<<<<

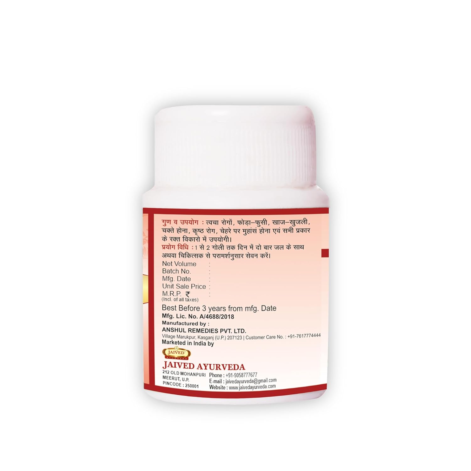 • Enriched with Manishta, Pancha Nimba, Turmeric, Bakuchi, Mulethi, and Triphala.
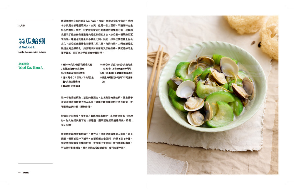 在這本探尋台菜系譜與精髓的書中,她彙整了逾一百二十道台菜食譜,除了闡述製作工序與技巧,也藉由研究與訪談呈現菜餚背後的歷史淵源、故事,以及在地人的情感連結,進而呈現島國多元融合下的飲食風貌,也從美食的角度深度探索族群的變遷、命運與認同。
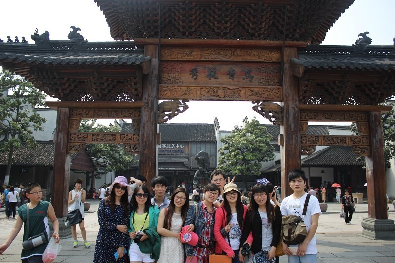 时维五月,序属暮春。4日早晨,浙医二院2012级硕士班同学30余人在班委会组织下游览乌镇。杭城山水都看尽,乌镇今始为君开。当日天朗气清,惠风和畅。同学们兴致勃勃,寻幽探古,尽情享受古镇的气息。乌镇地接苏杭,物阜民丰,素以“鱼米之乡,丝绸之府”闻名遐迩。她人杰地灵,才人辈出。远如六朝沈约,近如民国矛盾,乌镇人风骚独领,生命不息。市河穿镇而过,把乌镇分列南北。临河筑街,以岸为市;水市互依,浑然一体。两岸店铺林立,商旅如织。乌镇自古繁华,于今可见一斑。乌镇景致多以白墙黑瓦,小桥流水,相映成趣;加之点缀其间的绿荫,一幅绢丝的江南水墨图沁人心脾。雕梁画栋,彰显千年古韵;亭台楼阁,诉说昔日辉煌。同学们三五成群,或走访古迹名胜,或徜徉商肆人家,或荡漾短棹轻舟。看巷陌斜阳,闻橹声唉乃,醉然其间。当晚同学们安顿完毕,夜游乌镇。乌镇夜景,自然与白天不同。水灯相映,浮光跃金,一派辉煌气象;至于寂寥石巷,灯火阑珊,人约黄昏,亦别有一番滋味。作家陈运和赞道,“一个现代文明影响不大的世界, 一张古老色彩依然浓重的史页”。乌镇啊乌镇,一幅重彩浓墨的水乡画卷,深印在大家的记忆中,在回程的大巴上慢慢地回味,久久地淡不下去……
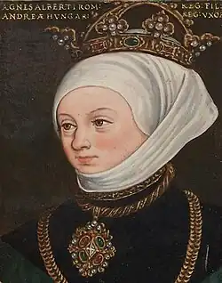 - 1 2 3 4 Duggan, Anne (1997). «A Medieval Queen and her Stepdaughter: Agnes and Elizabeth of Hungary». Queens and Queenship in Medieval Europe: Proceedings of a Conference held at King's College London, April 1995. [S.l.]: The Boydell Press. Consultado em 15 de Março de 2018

>>>>
<<<<

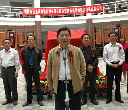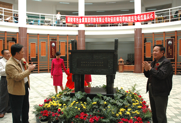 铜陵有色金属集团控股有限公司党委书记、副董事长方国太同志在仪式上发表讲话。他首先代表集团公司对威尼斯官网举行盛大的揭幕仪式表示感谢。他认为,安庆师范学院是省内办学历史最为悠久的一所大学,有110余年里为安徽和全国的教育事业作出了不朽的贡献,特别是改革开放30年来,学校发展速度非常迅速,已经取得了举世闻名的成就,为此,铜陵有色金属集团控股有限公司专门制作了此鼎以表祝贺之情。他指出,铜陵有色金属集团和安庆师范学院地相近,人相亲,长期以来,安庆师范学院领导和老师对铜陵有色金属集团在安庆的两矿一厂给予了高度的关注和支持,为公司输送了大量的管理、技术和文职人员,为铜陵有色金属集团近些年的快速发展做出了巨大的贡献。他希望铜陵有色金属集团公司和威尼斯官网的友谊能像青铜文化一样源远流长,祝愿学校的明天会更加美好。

>>>>
<<<<

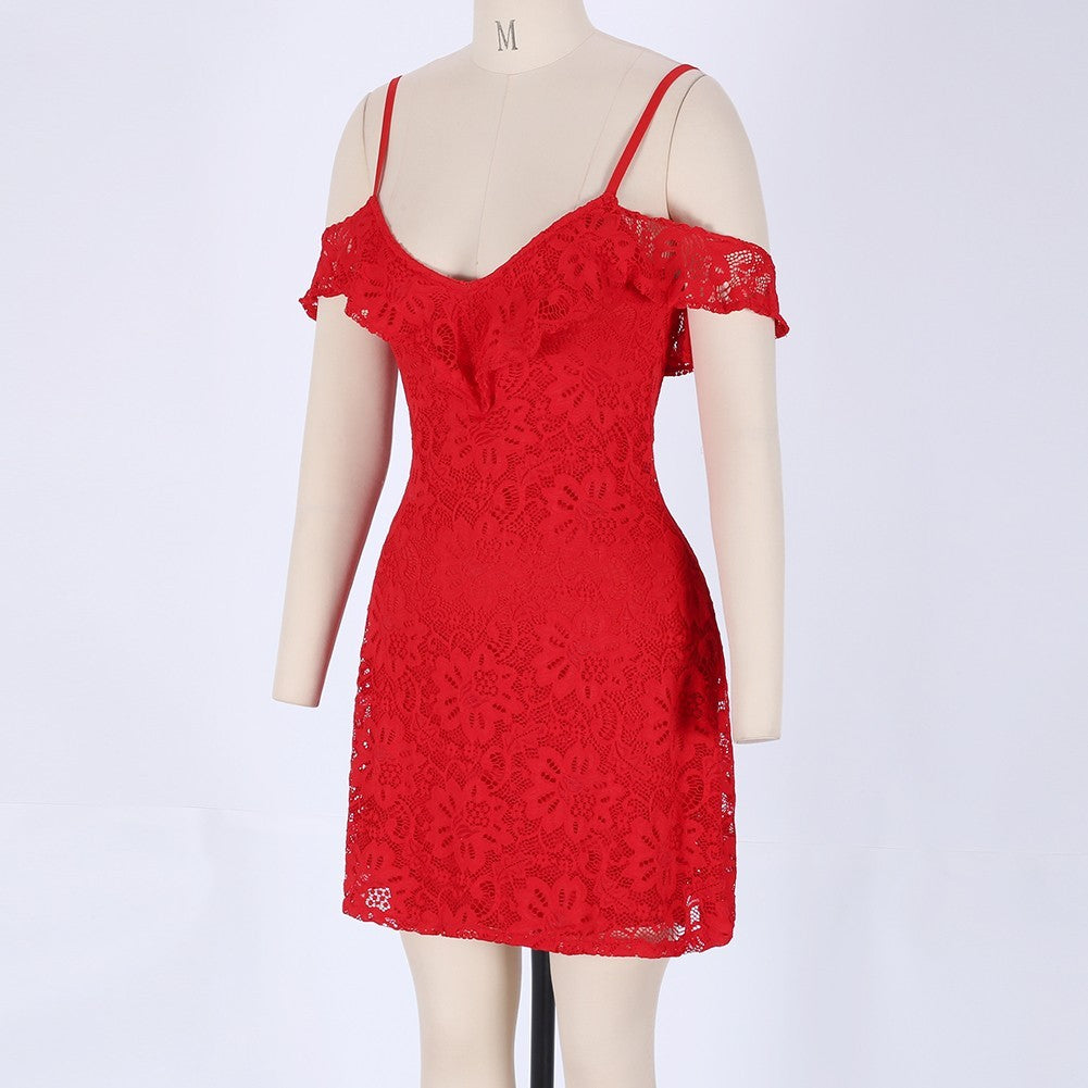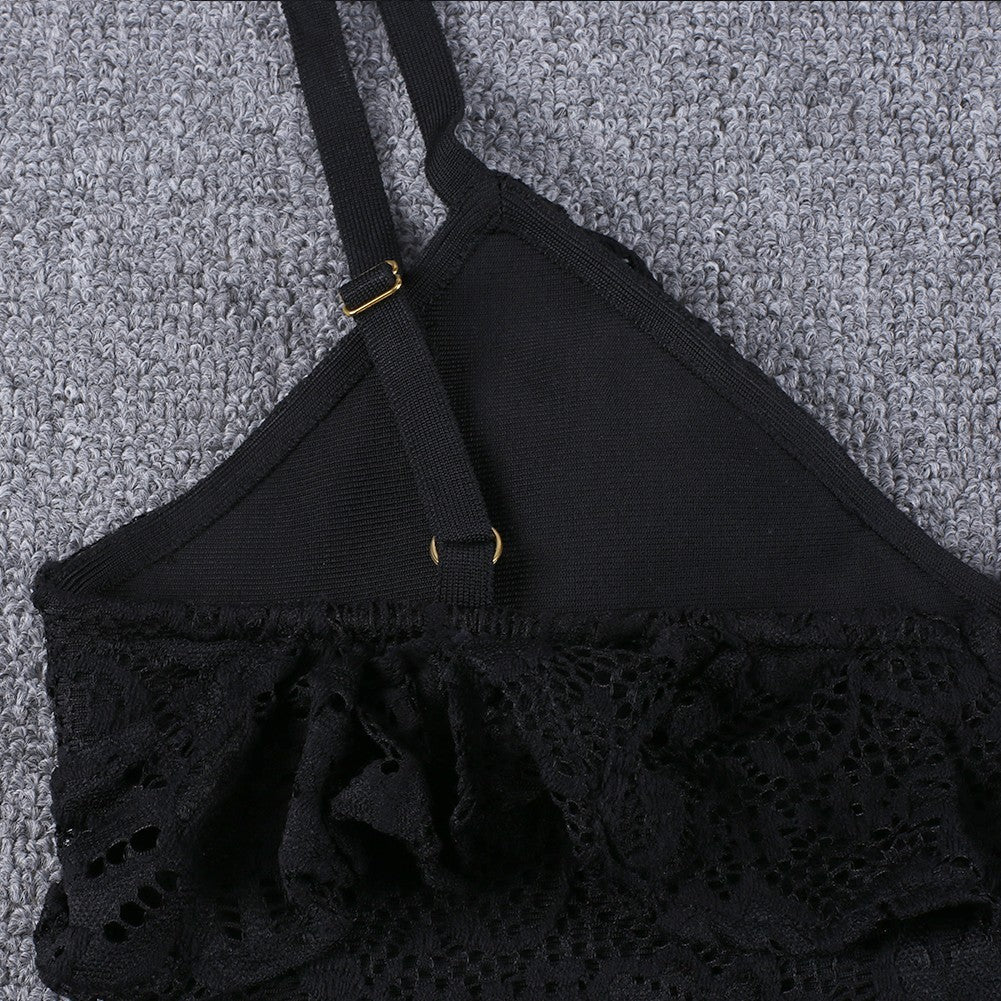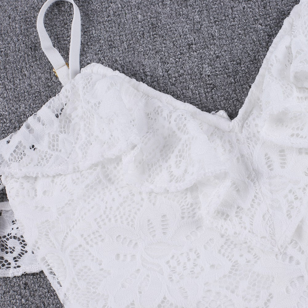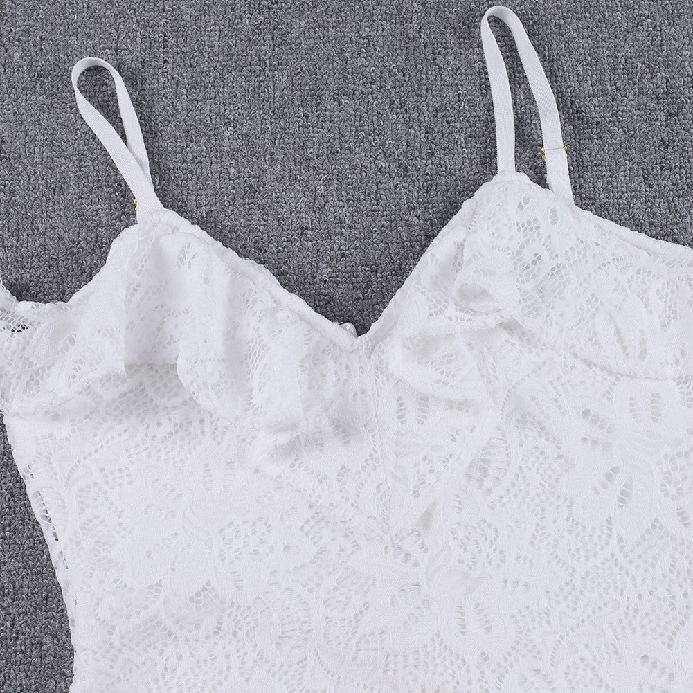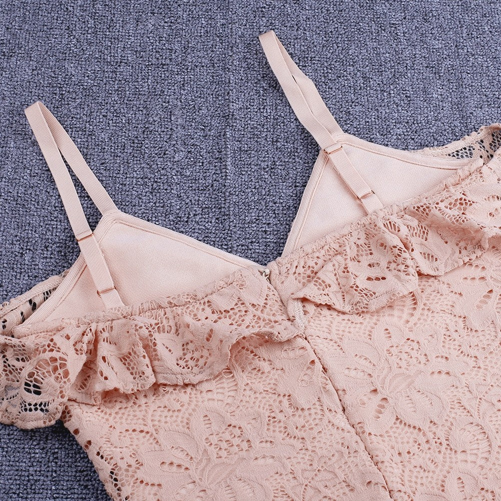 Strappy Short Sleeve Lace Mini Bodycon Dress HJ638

>>>>

» WHAT YOU NEED TO DO:
With the pictures omitted, copy the entries above exactly from the line containing "在這本探尋台菜系譜與精髓的書" through the line containing "- 1 2 3 4 Duggan, Anne", both lines included.

» OUTPUT BELOW:
 在這本探尋台菜系譜與精髓的書中,她彙整了逾一百二十道台菜食譜,除了闡述製作工序與技巧,也藉由研究與訪談呈現菜餚背後的歷史淵源、故事,以及在地人的情感連結,進而呈現島國多元融合下的飲食風貌,也從美食的角度深度探索族群的變遷、命運與認同。
 时维五月,序属暮春。4日早晨,浙医二院2012级硕士班同学30余人在班委会组织下游览乌镇。杭城山水都看尽,乌镇今始为君开。当日天朗气清,惠风和畅。同学们兴致勃勃,寻幽探古,尽情享受古镇的气息。乌镇地接苏杭,物阜民丰,素以“鱼米之乡,丝绸之府”闻名遐迩。她人杰地灵,才人辈出。远如六朝沈约,近如民国矛盾,乌镇人风骚独领,生命不息。市河穿镇而过,把乌镇分列南北。临河筑街,以岸为市;水市互依,浑然一体。两岸店铺林立,商旅如织。乌镇自古繁华,于今可见一斑。乌镇景致多以白墙黑瓦,小桥流水,相映成趣;加之点缀其间的绿荫,一幅绢丝的江南水墨图沁人心脾。雕梁画栋,彰显千年古韵;亭台楼阁,诉说昔日辉煌。同学们三五成群,或走访古迹名胜,或徜徉商肆人家,或荡漾短棹轻舟。看巷陌斜阳,闻橹声唉乃,醉然其间。当晚同学们安顿完毕,夜游乌镇。乌镇夜景,自然与白天不同。水灯相映,浮光跃金,一派辉煌气象;至于寂寥石巷,灯火阑珊,人约黄昏,亦别有一番滋味。作家陈运和赞道,“一个现代文明影响不大的世界, 一张古老色彩依然浓重的史页”。乌镇啊乌镇,一幅重彩浓墨的水乡画卷,深印在大家的记忆中,在回程的大巴上慢慢地回味,久久地淡不下去……
 - 1 2 3 4 Duggan, Anne (1997). «A Medieval Queen and her Stepdaughter: Agnes and Elizabeth of Hungary». Queens and Queenship in Medieval Europe: Proceedings of a Conference held at King's College London, April 1995. [S.l.]: The Boydell Press. Consultado em 15 de Março de 2018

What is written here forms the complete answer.